- Born: Karachi, Pakistan
- Occupations: Singer, songwriter, music producer, internet personality, businessman
- Years active: 2013–present
- Website: tahershah.com

= Taher Shah =

Pakistani comedian and singer-songwriter

Taher Shah is a Pakistani-born singer-songwriter, music producer, internet personality, and businessman who is best known for his songs "Eye to Eye" and "Angel". He has been described as "Pakistan's most spectacular internet celebrity" by Dawn newspaper. It was thought that he left singing after receiving death threats, but he released an animated Urdu song,"Farishta", (Children are the angels of the earth) in April 2020.

== Career ==
Shah became famous in 2013 when he released his first song "Eye to Eye". In an interview, he stated that it took him a year and half to write the lyrics for the song and to complete the whole project. According to Indian Express, the song achieved "enormous success", and according to The Atlantic the song made him an "overnight pop sensation". The song went viral on social media, and many artists dedicated their covers to the singer. In 2016, Shah's new video for the song "Mankind's Angel" was released, causing what the BBC described as a "social media frenzy".

In December 2016, it was announced that Shah had left Pakistan after receiving death threats. He currently resides in the United States with his family.
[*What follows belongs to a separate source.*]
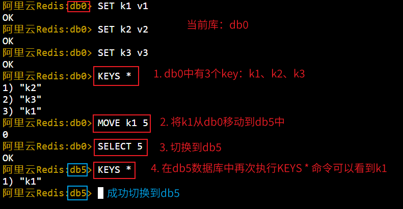 10. 将当前数据库的 key 移动到指定的数据库 db 当中:

In April 2020, he released an animated Urdu music video named "Farishta" ("Angel").

In June 2023, his management team announced the creation of a "Hollywood movie" titled "Eye to Eye".

In June 2025, Taher Shah unveiled his latest project titled "Peace" (Humans Can Create a World of Peace). This release is described as a "cosmic peace anthem" and a "cosmic call to humanity." It's an animated odyssey with hypnotic visuals and Taher Shah's unique voice delivering a message about humans destroying the only planet known to harbor life while searching for it elsewhere. The song aims to promote harmony and understanding, especially in a world grappling with various conflicts. It emphasizes that "humans can create a world that is a cradle of peace instead of ending it through war." This release aligns with his consistent theme of spreading messages of love and humanity through his art.